What is the Big Idea?
Tacked on to the end of the lengthy Dodd-Frank Act, which imposed new government safeguards after the U.S. financial crisis, there is an unusual provision that requires publicly traded companies whose products might contain minerals from the conflict-ridden areas in Central Africa to report to shareholders and the S.E.C. if their mineral supply comes from the Democratic Republic of Congo.
"The measure is aimed at cutting off the brutal militia groups that have often taken over the mining and sale of so-called conflict minerals to finance their military aims," according to The New York Times.
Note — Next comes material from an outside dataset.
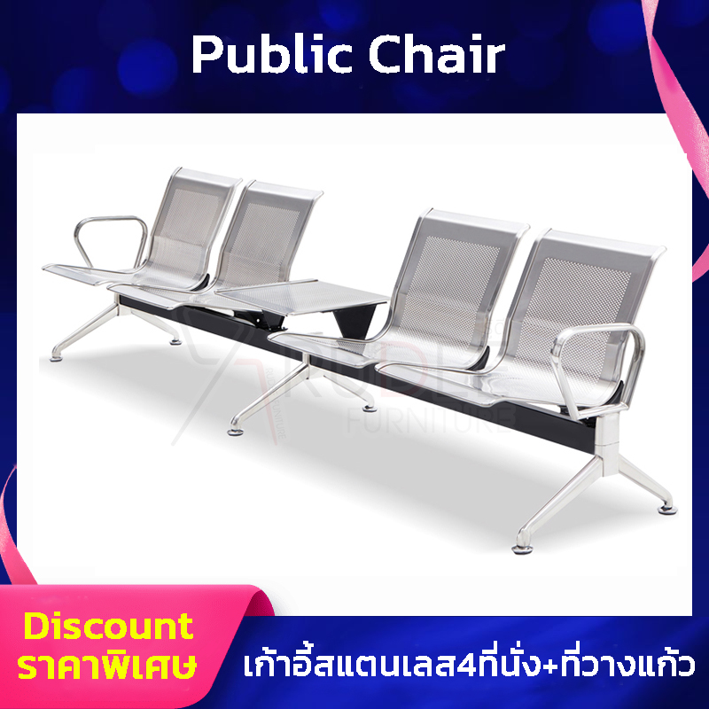 เก้าอี้สแตนเลส4ที่นั่ง มีที่วางแก้วตรงกลาง

While most companies affected by the law support the measure, businesses are pushing for lengthy phase-in periods and minimal use of the minerals. Lawmakers, electronic makers and international aid groups have been grappling with this debate in recent months.
What is the Significance?
Almost all consumer electronic part uses some form of four major minerals:
- columbite-tantalite - cellphones, turbines
- cassiterite - coffee cans and circuit boards
- wolframite - light bulbs and machine tools
- gold - used as an electronic conductor, jewelry
“We don’t think you need to have people being killed in order to have these metals in our cellphones,” Corinna Gilfillan, head of the United States office of Global Witness, told The New York Times.
While the folks in Washington duke it out, delay implementation of the provision and entrench themselves in hundreds of meetings, the mineral embargo is having an unintended and negative effect on the traders and diggers in the Congo.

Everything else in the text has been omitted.